けれど鈴の事だ。きっとすぐには受け取ってはくれないのだろう。そう、クリスマスのプレゼントのように。
「鈴さん、つけてくれているんですね」
何気なく鈴の腕を見ると、そこにはしっかりと腕時計がしてある。
「あ、はい。これ、とても便利なんです。外に居る時には特に重宝しますよ! ありがとうございました、千尋さま」
「いえいえ、どういたしまして。良かったです。一つでも気に入る物があって」
「一つだなんてとんでもないです! ただその、私はどこかへ出かける事が滅多に無いので、頂いた洋服や着物を着ていく場所が無いのです……だから着ていないだけで、決して気に入っていない訳ではありません」
「そうですか? ではそのうち社交界に一緒に参加しましょうか」
「……え」
「社交界なんて滅多に参加しませんが、着飾った鈴さんを見られるのなら、悪くないかもしれません」
そう言って笑った千尋を鈴はじっと見つめてきて頬を膨らませる。
「冗談ですか?」
「おや、よく分かりましたね。すみません、冗談です。
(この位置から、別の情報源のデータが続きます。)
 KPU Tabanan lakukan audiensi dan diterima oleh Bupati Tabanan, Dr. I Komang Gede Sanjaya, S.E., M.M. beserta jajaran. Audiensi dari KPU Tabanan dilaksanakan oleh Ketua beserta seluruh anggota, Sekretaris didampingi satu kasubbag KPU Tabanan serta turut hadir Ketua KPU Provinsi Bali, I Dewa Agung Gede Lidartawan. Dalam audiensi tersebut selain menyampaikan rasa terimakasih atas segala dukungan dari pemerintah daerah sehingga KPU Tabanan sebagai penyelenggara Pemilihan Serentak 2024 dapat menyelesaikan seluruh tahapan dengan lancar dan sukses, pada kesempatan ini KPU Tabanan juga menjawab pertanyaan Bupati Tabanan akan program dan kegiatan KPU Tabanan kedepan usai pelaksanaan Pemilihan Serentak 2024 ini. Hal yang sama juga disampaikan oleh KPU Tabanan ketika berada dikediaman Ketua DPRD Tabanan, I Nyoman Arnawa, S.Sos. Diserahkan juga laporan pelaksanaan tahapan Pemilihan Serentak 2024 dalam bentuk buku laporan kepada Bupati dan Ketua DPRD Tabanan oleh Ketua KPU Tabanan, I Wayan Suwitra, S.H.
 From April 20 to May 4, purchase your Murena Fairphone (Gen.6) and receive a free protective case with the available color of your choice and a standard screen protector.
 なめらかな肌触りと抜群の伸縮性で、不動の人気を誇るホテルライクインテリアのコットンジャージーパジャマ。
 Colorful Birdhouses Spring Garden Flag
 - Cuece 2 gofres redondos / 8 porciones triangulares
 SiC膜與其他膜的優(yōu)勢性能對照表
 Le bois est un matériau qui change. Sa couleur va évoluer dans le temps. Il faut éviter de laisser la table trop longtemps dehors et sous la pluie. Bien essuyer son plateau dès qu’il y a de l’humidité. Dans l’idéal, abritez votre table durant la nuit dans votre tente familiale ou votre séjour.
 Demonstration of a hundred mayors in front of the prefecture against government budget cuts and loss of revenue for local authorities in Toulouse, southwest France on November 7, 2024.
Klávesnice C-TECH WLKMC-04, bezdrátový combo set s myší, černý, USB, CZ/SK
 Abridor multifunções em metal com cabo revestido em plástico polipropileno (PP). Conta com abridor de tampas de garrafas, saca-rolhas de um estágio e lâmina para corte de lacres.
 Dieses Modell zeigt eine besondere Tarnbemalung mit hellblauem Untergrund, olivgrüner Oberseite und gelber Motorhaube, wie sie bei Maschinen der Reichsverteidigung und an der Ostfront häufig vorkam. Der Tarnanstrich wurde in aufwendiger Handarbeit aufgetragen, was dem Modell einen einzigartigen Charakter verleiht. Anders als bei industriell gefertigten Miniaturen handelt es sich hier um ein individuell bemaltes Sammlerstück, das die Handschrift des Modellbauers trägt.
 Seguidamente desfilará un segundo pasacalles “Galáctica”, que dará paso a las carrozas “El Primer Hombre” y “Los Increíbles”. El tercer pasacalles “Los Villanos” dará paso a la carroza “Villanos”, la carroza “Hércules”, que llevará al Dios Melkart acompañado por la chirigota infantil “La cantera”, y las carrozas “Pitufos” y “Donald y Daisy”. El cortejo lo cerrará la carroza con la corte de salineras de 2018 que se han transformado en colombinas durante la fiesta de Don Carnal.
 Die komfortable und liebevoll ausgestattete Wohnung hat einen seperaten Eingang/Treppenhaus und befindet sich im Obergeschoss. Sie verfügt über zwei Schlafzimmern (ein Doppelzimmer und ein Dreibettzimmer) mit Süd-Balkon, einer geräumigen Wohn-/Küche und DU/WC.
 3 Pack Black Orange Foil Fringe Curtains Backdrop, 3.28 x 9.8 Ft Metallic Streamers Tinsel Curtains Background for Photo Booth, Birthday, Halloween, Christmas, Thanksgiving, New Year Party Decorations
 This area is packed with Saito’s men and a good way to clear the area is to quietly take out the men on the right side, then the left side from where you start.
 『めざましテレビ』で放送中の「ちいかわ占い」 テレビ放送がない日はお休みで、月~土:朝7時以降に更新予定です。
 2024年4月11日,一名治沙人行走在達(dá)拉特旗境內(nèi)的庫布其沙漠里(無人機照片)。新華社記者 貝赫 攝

私を呼びつけるような家などありませんから」
曲がりなりにも千尋はこの地の神だ。そんな無礼な家はない。爵位が高い家は千尋が何者かを大抵知っているのだから。
「お誘いを受ける事はあるのですか?」
「ありますよ。ですが、どこも一度だけです」
「そうなのですか?」
「はい。そういう時は雅が偉い方に一報を入れるのです。そうしたら二度とお誘いはありません」
「……なるほど」
そう言って鈴は何かを理解したかのように頷いて小さく微笑む。
「何故笑うのですか?」
「あ、いえ。社交界に千尋さまが出ると、その美しさにきっと皆さん驚かれるのだろうな、と思ってしまいました」
「褒めてくれるのですか? ありがとうございます。今までは容姿で凝視される事も多くて嫌気がさしていましたが、これからは私の美しさに驚いているのだと思うことにしましょうか」
冗談めかして言うと、鈴は真顔で何度も頷いた。そんな様子がおかしくて思わず千尋は笑ってしまう。
「冗談ですよ。ああ、ようやく手が温まってきましたね」
「はい。何だか全身がポカポカしてきた気がします。これも神通力ですか?」
そう言って鈴は首を傾げて千尋を見上げてくる。そんな鈴を見て、また勝手に体が動きそうになるのを千尋は必死になって抑えて言う。